Conventional OCE technology has been used to perform intravascular imaging [20, 21], atherosclerotic tissue imaging , and imaging of engineered and developing tissues . Phase-resolved measurement methods were also used in OCE technology [24, 25]. However, these earlier studies inherited difficulties from static elastography as they were based on speckle tracking, which has an intrinsic limitation. The speckle pattern is determined by the interference between the scatterers inside the coherence volume . So in conventional OCE, a speckle may not have the same signal amplitude or shape before and after deformation of the sample. Thus, it was difficult for conventional OCE to provide quantitative elastography based on a cross-correlation of speckles on the micro-scale. In this paper, we report micro-scale optical mapping of biomechanical properties of tissues based on a dynamic optical coherence elastography method in which tissue is excited by mechanical waves, and the biomechanical properties can be obtained by solving the wave equations, without the need for computationally expensive cross-correlations. Quantitative measurements of elastic moduli were obtained from tissue phantoms and from ex vivo human tissues.

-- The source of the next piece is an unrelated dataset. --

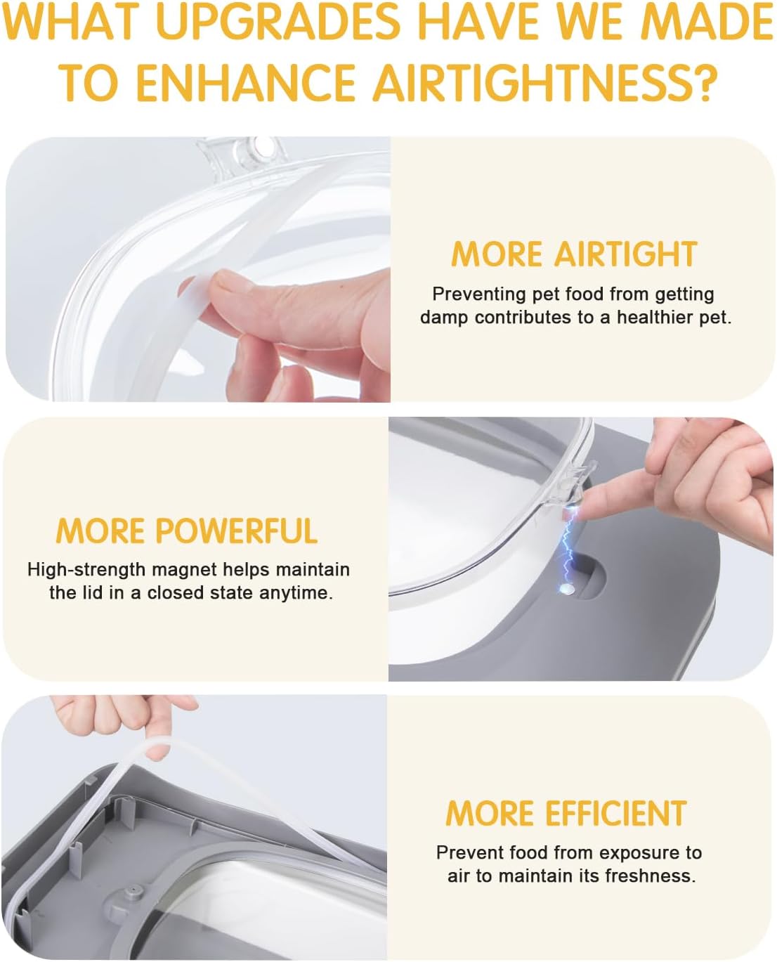 - MOISTURE-PROOF: Airtight dog food storage container, the bottom slightly elevated design allows the dry food away from wet ground to ensure that the pet fresh food is available.οΌTips:when you close the small dog food containers' transparent lid, please make sure it is completely closed with no spaceοΌ

Our OCE system is derived from a spectral-domain OCT imaging system. In this system, the low-coherence light source consists of a Nd:YVO4-pumped titanium:sapphire laser, which has a center wavelength of 800 nm and a bandwidth of 100 nm, providing an axial resolution of 3 μm in the tissue phantoms. A 12.5 mm diameter 40 mm focal length lens was used in the sample arm to provide a transverse resolution of 13 μm. The average power incident on the samples was 10 mW. A line camera was used to detect the spectral interference signal with an acquisition rate of 25 kHz. As shown in Fig. 1, a glass window stage was fixed in the sample arm of the OCE system to restrict the upper boundary of the tissue phantoms and tissues, yet enable optical imaging through the window. The sample stage was mounted on a mechanical wave driver (SF-9324, PASCO scientific, Roseville, CA), which provided a frequency range of 0.1 Hz to 5 kHz and a maximum amplitude of 7 mm at 1 Hz, decreasing with increasing frequency. The driving waveform was programmed and synchronized with the image acquisition. Samples were mounted between the upper glass window and the sample stage, which are both of larger transverse size than the tissue phantom or tissue samples, with only minimal contact and force prior to data acquisition. To perform M-mode (motion mode, repetitive axial depth-scans into the tissue, acquired at a fixed transverse position over time) OCE, optical backscattering signals were acquired through the upper glass window while the driving mechanical perturbations were exerted simultaneously through the sample stage, compressing the sample vertically. Step and 20 Hz sinusoidal waveforms were used in the OCE experiments.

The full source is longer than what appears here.